Press S or / to search in the book

Press ? to show this help

Press Esc to hide this help

VXC Family (Viperfish)

Addresses apply to libtpu.so from the libtpu-0.0.40-cp314 wheel (build-id 89edbbe81c5b328a958fe628a9f2207d). Other versions differ.

Abstract

VXC is the broadest of the four HAL families. The factory class tpu::TpuHalVxcHardwareFactory — uniquely placed in the global namespace, where JXC and PXC are anonymous-namespace — serves three codenames: Viperfish (TpuVersion::kViperfish = 3), Ghostlite (kGhostlite = 4), and 6acc60406 (k6acc60406 = 5). Viperfish is VXC's "home" codename and the family is named for it; Ghostlite and 6acc60406 are registered into this same factory by the GXC family's glc/gfc init modules and sit operationally inside VXC.

VXC inherits the fetch/load-core split that PXC introduced: asic_sw::driver::deepsea::vxc::vfc (the vector fetch-core) and vxc::vlc (the vector load-core). Its defining new trait is SparseCore — Viperfish is the first generation to carry one, and the SparseCore introduction is matched by the retirement of BarnaCore. The VXC HAL impl is also the only one of the four that is 216 bytes rather than 208; the extra 8 bytes are a single flag byte at offset +0xD0.
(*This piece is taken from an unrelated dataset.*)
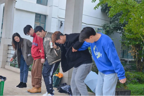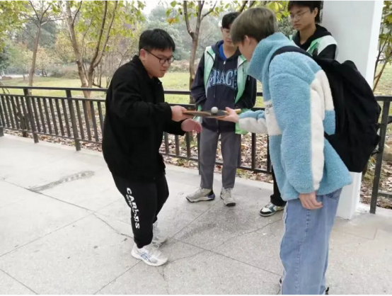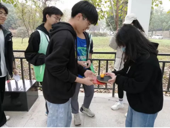 四到八人为一组,第一个人记下一个党史问题,传到最后一个人回答出问题的答案。传递问题的同时还要用乒乓球拍传递乒乓球。传得快,回答的多的一组获胜。

This page follows the same grammar as the JXC, PXC, and GXC pages. Because GXC registers into this factory, the codename-dispatch story is told here in full; the GXC page covers what is GXC-specific (its codecs and sub-core ISA). For the shared base chain, see HAL Families.

For reimplementation, the contract is:

  • The multi-version registry-level dispatch: one global-ns class, one vtable, three 16-byte instances keyed by TpuVersion, registered by three separate init modules.
  • The 5-slot factory vtable (identical shape to JXC/PXC) and the 216-byte TpuHalVxcHardwareImpl with its +0xD0 skip-slicebuilder flag.
  • The construction chain HardwareImpl → CommonHelper (48 B) → Chip (416 B) → Core (800 B), with the genuine per-codename switch in InitializeDrivers.
  • The vxc::vfc / vxc::vlc fetch/load split, the vxc::isa namespace, and the unified TpuVxcDriver (V2 descriptor, no DMA-issuer).
Factory classtpu::TpuHalVxcHardwareFactory (global-ns, the lone exception)
TpuVersions served3 — kViperfish (3), kGhostlite (4), k6acc60406 (5)
Factory vtable / vptr_ZTV 0x21cabf70 / installed vptr 0x21cabf80
Factory typeinfo_ZTI 0x21cabfa8 (__si base → TpuHalHardwareFactoryBase 0x21d343f8)
HAL impl class / sizeTpuHalVxcHardwareImpl, 216 B (0xD8), vtable 0x21cabfc0
Init modulesvxc 0x213eed20 (v3), glc 0x213eb9e0 (v4), gfc 0x213e9f60 (v5) — 1× Register each
Fetch/load splitvxc::vfc + vxc::vlc (inherited from PXC)
DMA engineunified tpu::TpuVxcDriver (no issuer); DmaDescriptorV2

Factory Binding and Registration

Purpose

VXC binds three codenames to one HAL implementation. Unlike JXC (one init module, two Register calls), VXC uses three separate init modules, each calling Register exactly once. The principle is identical — one class, one vtable, N registry entries keyed by TpuVersion at +8 — but the registration sites are spread across the GXC family modules.

Entry Point

google_init_module_tpu_hal_vxc_hardware_impl (0x213eed20)  → Register(kHardware, 3, f)  // Viperfish
google_init_module_tpu_hal_glc_hardware_impl (0x213eb9e0)  → Register(kHardware, 4, f)  // Ghostlite
google_init_module_tpu_hal_gfc_hardware_impl (0x213e9f60)  → Register(kHardware, 5, f)  // 6acc60406
  (each: operator new(0x10); f[+8] = version; f[+0] = vptr 0x21cabf80; same vtable)

Algorithm

function register_vxc_codename(version):    // one of three init modules
    f = operator_new(0x10)                  // 16-byte factory object
    f[+8] = version                         // 3, 4, or 5
    f[+0] = &VxcFactory_vtable + 0x10        // installed vptr 0x21cabf80 (SHARED)
    s = TpuHalFactory::Register(kHardware /*0*/, version, unique_ptr(f))
    CHECK(s == OK)
    // CHECK strings byte-confirm the codename → factory binding:
    //   0x94A3FA6 kViperfish, 0x94A4A6F kGhostlite, 0x94A3EF5 k6acc60406
    //   each: std::make_unique<tpu::TpuHalVxcHardwareFactory>(tpu::TpuVersion::kX)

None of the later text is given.